XTuner - An Efficient Toolkit for Fine-tuning Large Language Models
Project Overview
XTuner is an efficient, flexible, and full-featured large language model fine-tuning toolkit developed by the InternLM team. This project aims to provide users with an easy-to-use yet powerful tool for fine-tuning various large language models, including mainstream models such as InternLM, Llama, Qwen, ChatGLM, and Baichuan.
Core Features
1. Efficiency
- Low Resource Requirements: Supports fine-tuning 7B parameter large language models on a single 8GB GPU.
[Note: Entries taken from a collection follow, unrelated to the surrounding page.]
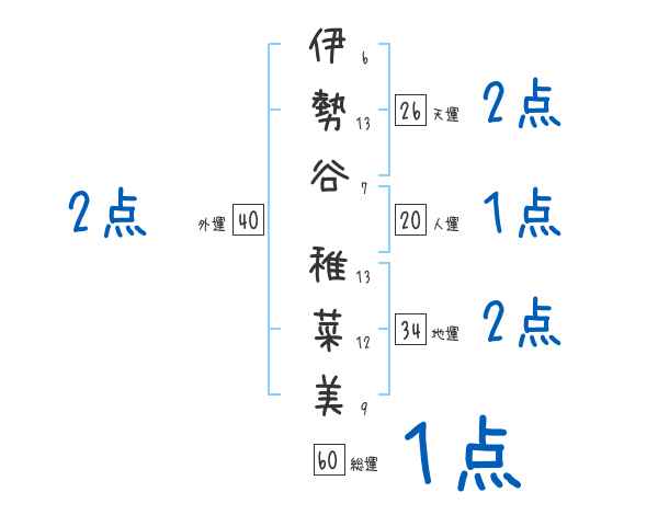 天運![]() | 伊勢谷稚菜美さんの天運は26画の2つ星!波瀾万丈かも。信頼できる人を大事にしましょう。 家系が持つ宿命的な運勢を表します。祖先から受け継いだ苗字ですので自分の力が及びません。家柄を象徴します。 |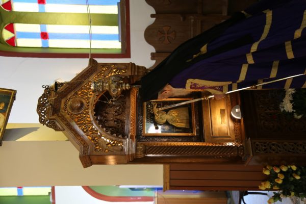 Στο τέλος της θείας Λειτουργίας ο Σεβασμιώτατος μνημόνευσε τον αείμνηστο π. Αθανάσιο Δρόσο που κράτησε την Εκκλησία ανοικτή για πολλά χρόνια και άφησε μνήμη αγαθού λευίτη και ευχαρίστησε τον νυν Εφημέριο π. Ιωάννη Χαμηλό, και στο πρόσωπό του όλους τους Ιερείς της Μητροπόλεως και ιδιαιτέρως της Ορεινής Ναυπακτίας. Ευχαρίστησε επίσης τους Εκκλησιαστικούς Συμβούλους, και όσους υπηρετούν σήμερα και της προηγούμενης θητείας, για την μεγάλη αγάπη και φροντίδα στην Ενορία τους, και ευχαρίστησε όλους τους κατοίκους του χωριού για την ευσέβειά τους και τους ευχήθηκε με την ευχή του αγίου Καλλινίκου Εδέσσης: «να έχετε του Αβραάμ, του Ισαάκ και του Ιακώβ τα αγαθά».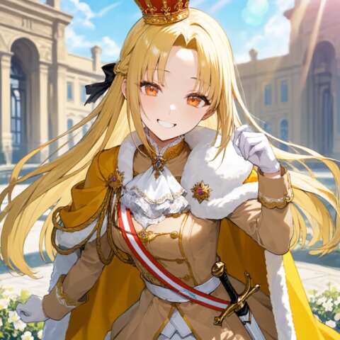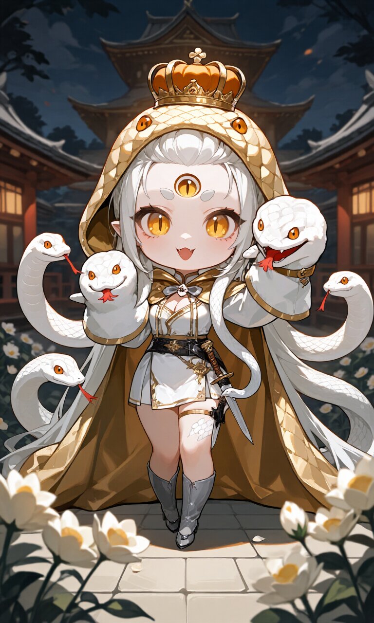 A (chibi:1.3) girl with a mystical and spiritual aura, featuring a golden third eye on her forehead and long, shimmery white snake-like hair flowing down to her waist. Her hair is styled in a center-parted, slicked-back look with two long bangs shaped like sharp fangs. She has big, round golden eyes with slit pupils, slightly sharp fangs, and (round eyebrows:1.2). Her skin is fair with subtle scaly textures, and she wears a (Gold snake head hood:1.7) with a luxurious (gold and silver snake hood). She dons a (White luxurious Prince costume:1.6) with long sleeves past her wrists, a (luxurious Gold Cape:1.3), and a (luxurious Silver mini skirt:1.4). A (dagger on waist:1.3) and a (luxurious crown on head:1.4) complete her royal attire. Her (Fluffy gloves with Snake characters:1.2) include a (hand puppet shaped like a snake's head:1.2). The setting is a Japanese Palace with traditional architecture, surrounded by flowers at midnight. The dim lighting and darkness create a romantic, academic atmosphere with a touch of gloom. Her expression is happy and cheerful, with a cute face and pose, embodying Prince Charming’s charm. The artwork is insanely detailed, with delicate facial features, intricate clothing, and a masterpiece-quality 16K finish.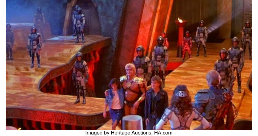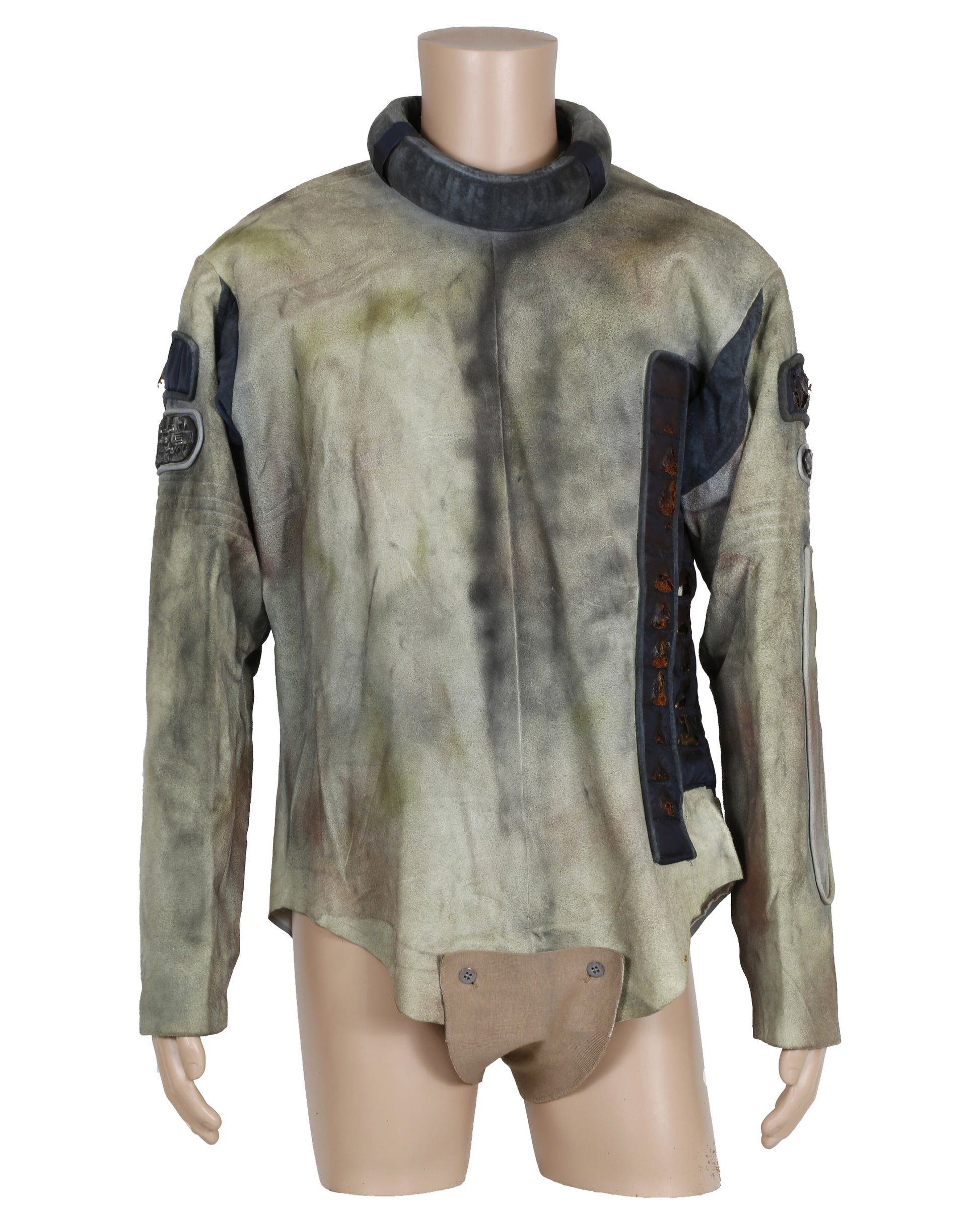 Offered here is a set of two Eternian Soldier shirts from the 1987 live-action film Masters of the Universe, produced by Mattel and Cannon Group. These distinctive costumes were crafted by Western Costume Co., one of Hollywood’s most iconic wardrobe suppliers, and exemplify the high-quality leatherwork and vibrant color palette of the film’s fantastical universe.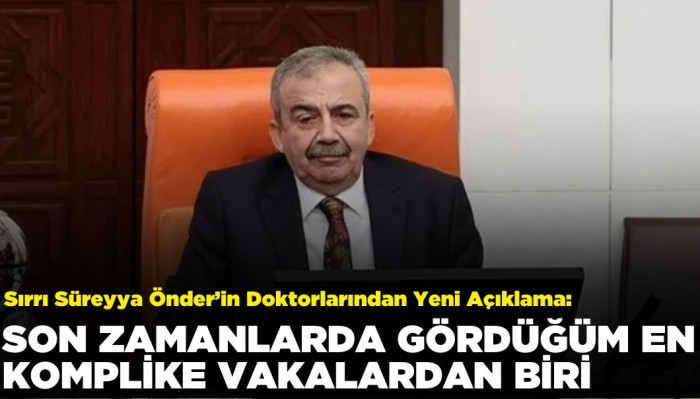 TBMM Başkanvekili ve DEM Parti İstanbul Milletvekili Sırrı Süreyya Önder'in son durumuyla ilgili doktorlar hastane önünde tekrar bir açıklama yaptı. Doktorların basın mensuplarına yaptığı konuşmada şu ifadelere yer verildi: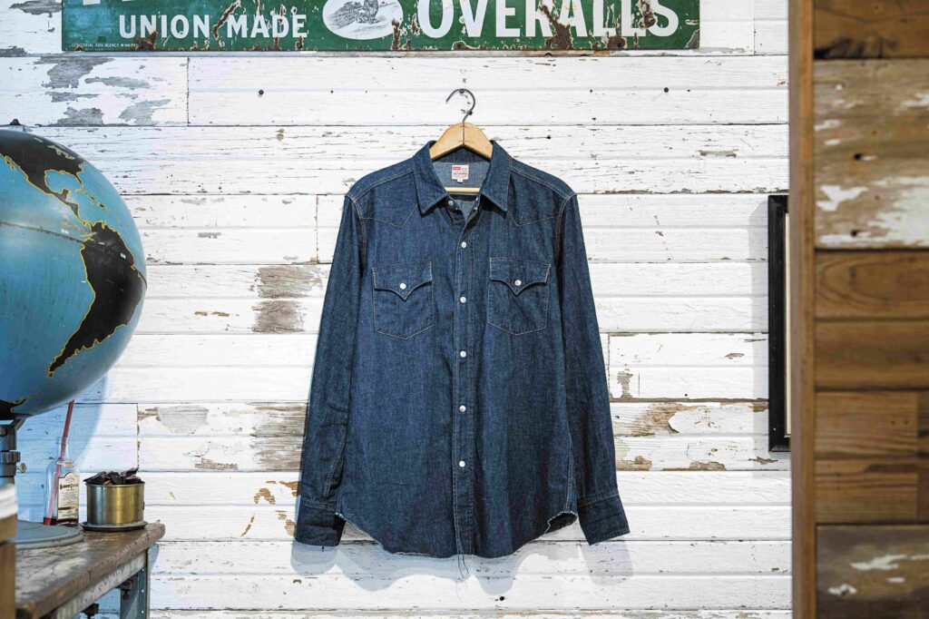 「ライトオンスでシルエットが細く美しいので、タックインした際も腰のあたりがもたつかないんです。この部分が気になる方も多いと思いますが、その意味では理想的な一着。もちろんTシャツにさらっと羽織るアウトスタイルでも、ウエスタンな気分で着こなせます。雰囲気のあるシャツだからこそ、シンプルに合わせるだけで男らしくなりますよ」と魅力を語る。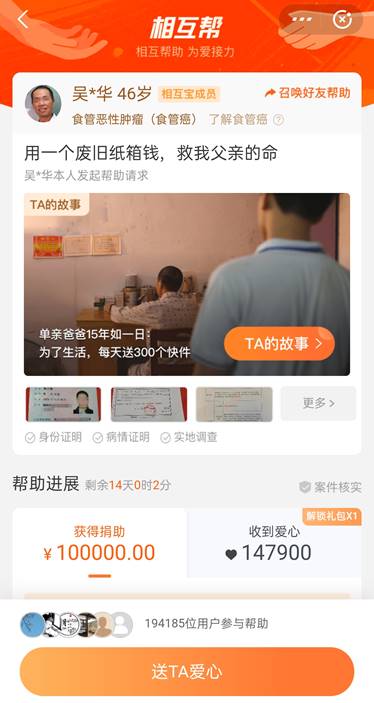 此前已有快遞員獲得相互寶救助,從事快遞工作15年的老吳去年底不幸查出食道癌,獲得了相互寶成員分攤的10萬互助金。除此之外,超10萬支付寶用戶還為老吳額外捐贈了10萬元善款,幫他緩解長期的醫(yī)藥費問題。

- Multi-node Scaling: Supports multi-node fine-tuning of models with over 70B parameters.
- Performance Optimization: Automatically schedules high-performance operators, such as FlashAttention and Triton kernels, to improve training throughput.
- DeepSpeed Integration: Compatible with the DeepSpeed framework, making it easy to use various ZeRO optimization techniques.
2. Flexibility
- Multi-Model Support: Supports a variety of large language models.
- InternLM series (InternLM, InternLM2, InternLM2.5, InternLM3)
- Meta Llama series (Llama 2, Llama 3)
- Other mainstream models: Mixtral-8x7B, ChatGLM, Qwen, Baichuan, Gemma, DeepSeek, etc.
- Multi-Modal Support: Supports visual language models (VLM), especially models based on the LLaVA architecture.
- Data Pipeline: Well-designed data pipeline that supports datasets in various formats.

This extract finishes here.